##### Source material #####
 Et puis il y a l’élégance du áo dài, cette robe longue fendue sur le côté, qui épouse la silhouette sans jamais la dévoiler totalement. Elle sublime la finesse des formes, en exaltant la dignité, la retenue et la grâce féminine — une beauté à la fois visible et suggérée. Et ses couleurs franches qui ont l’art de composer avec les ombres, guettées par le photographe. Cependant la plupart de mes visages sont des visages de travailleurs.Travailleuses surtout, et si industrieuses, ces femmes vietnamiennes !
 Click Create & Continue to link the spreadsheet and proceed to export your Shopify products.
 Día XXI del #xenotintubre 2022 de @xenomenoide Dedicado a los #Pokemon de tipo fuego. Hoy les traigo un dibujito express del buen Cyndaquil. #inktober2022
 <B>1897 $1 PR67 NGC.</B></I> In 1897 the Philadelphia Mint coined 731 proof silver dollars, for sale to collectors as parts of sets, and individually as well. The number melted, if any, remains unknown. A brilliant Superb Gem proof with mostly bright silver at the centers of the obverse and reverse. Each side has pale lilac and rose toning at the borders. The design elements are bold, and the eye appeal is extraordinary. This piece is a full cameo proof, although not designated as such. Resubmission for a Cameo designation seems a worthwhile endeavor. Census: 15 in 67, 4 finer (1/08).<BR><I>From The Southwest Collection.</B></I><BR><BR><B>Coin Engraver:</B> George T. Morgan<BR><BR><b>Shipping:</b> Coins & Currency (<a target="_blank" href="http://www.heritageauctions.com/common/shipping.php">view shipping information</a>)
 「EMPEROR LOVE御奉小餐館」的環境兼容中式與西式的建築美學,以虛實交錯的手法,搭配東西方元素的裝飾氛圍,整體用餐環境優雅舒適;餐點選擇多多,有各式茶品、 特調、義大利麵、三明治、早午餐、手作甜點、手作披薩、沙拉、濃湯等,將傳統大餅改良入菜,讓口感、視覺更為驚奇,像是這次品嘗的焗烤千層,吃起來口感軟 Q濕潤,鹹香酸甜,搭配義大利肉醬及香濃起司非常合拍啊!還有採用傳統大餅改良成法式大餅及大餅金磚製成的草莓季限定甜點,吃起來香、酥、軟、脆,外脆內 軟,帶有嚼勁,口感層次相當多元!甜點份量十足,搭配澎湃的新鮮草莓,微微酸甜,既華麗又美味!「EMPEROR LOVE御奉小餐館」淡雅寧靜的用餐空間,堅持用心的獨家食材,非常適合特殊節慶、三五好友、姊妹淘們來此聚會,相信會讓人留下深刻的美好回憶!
#####
◆ **What is being asked**
Please write out, exactly as they appear above, only the lines in the stretch from the line with "Click Create &" through the line with "Día XXI del".

◆ **Output**
 Click Create & Continue to link the spreadsheet and proceed to export your Shopify products.
 Día XXI del #xenotintubre 2022 de @xenomenoide Dedicado a los #Pokemon de tipo fuego. Hoy les traigo un dibujito express del buen Cyndaquil. #inktober2022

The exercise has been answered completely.